The worst nuclear power plant accident in history, the Chernobyl accident in Ukraine, resulted directly in the deaths of more than 30 people, and it exposed millions more to radiation that, by the highest estimates, could eventually result in several thousand cancer-related deaths. Moreover, it rendered some 20 square miles of land uninhabitable for an extended period.

But the Soviet reactor in Chernobyl was an outmoded relic: it bore no resemblance to the reactors that are used in the West. Most notably, it lacked containment shells to prevent radioactive materials from escaping in the event of an accident. The far superior Western reactors were equipped not only with such safeguards, but also with numerous built-in sensors designed to shut down the plant immediately in the event of trouble.

According to the U.S. Bureau of Labor Statistics, American nuclear plants have long been safer workplaces than most other manufacturing plants. The nuclear industry's safety record is far better than that of the competing coal industry, for instance. Each year in the United States, an average of 33 coal miners die in the line of work, yet there have been no calls to end coal mining on grounds that it is too dangerous.

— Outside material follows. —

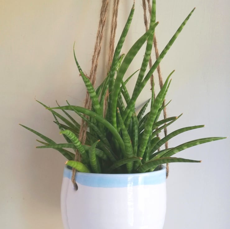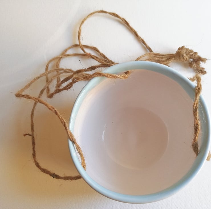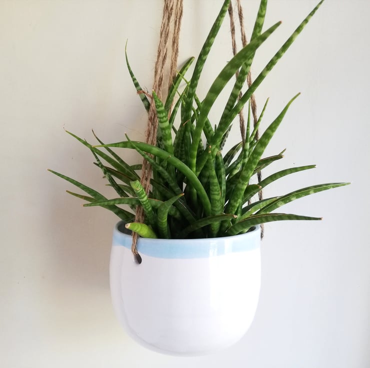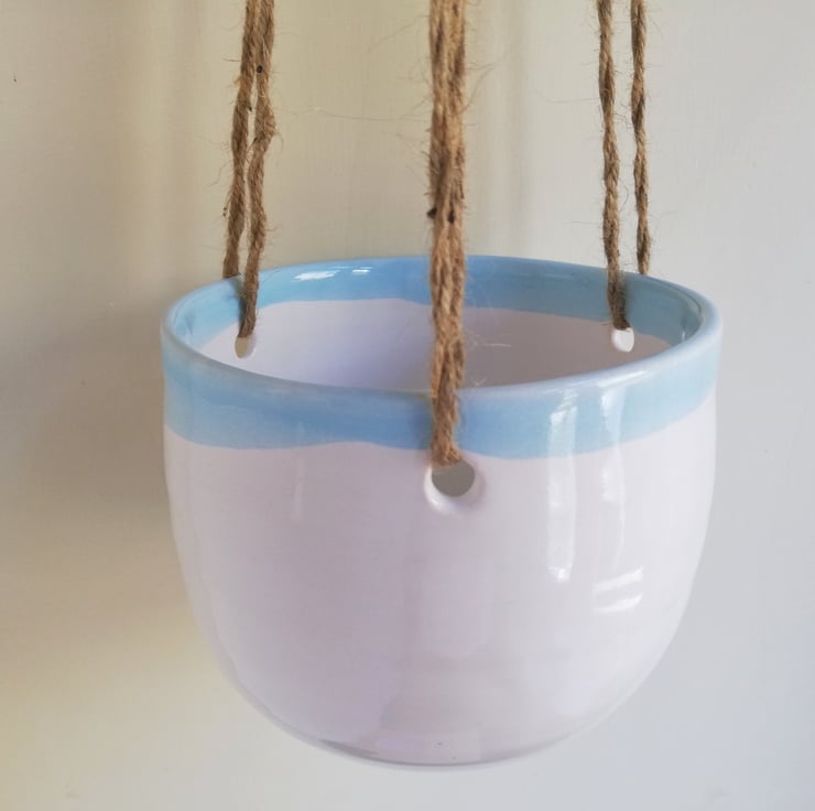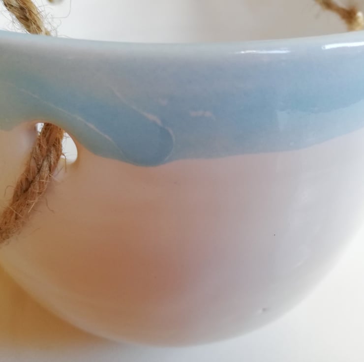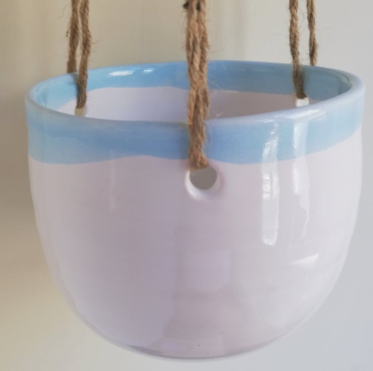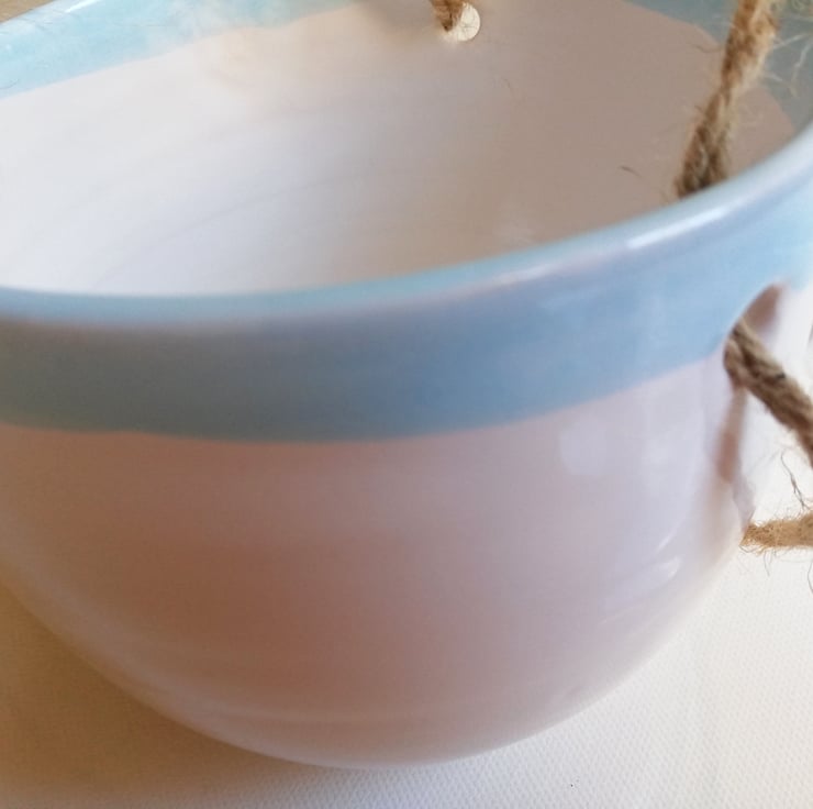Hand thrown pottery suspended plant pot with shiny white glaze and pale turquoise blue glazed rim.

In other nations, the numbers are much worse. During Chernobyl's heyday, thousands of men were killed in coal mining accidents in the Soviet Union. In China, some 5,000 coal miners perish in accidents each and every year. Since the dawn of the nuclear era, the world's 400-plus civilian nuclear plants have logged well over 10,000 aggregate years of activity, and Chernobyl remains the only accident ever to have harmed members of the public. In addition, the U.S. Navy has been powering ships with nuclear reactors for more than 50 years and has experienced no nuclear accidents.

Nor is there any discernible health risk associated with living close to a nuclear plant. According to the Nuclear Energy Institute, a person would have to live next door to such a plant for more than 2,000 years to get the amount of radiation exposure he gets from a single X-ray.

Coal today is used to produce about 49 percent of America's electricity, while natural gas and petroleum account for another 20 percent and 2 percent, respectively. A coal-fired plant releases 100 times more radioactive material than an equivalent nuclear reactor-and not into a self-contained storage site but directly into the atmosphere. By generating electricity whose production otherwise would have required the use of fossil fuels, the 104 nuclear plants now operating in the U.S. prevent the release of approximately 700 million additional tons of carbon dioxide into the atmosphere each year; that is the equivalent of removing 96 percent of all passenger cars from U.S. roads.

If not for nuclear energy, America's dependence on foreign oil would be even greater than it currently is. During the 1973 oil embargo, nuclear technology produced only 5 percent of the U.S. electric supply, while oil accounted for 17 percent. Today those figures are 19 percent and 2 percent, respectively. If more nuclear plants are constructed, they could replace coal and natural gas as America's major source of electricity production.

So why aren't we building more nuclear power plants? For the same reason we're not drilling for more oil and building new refineries. The Democrats refuse to allow them. They need to be told politely to get out of the way.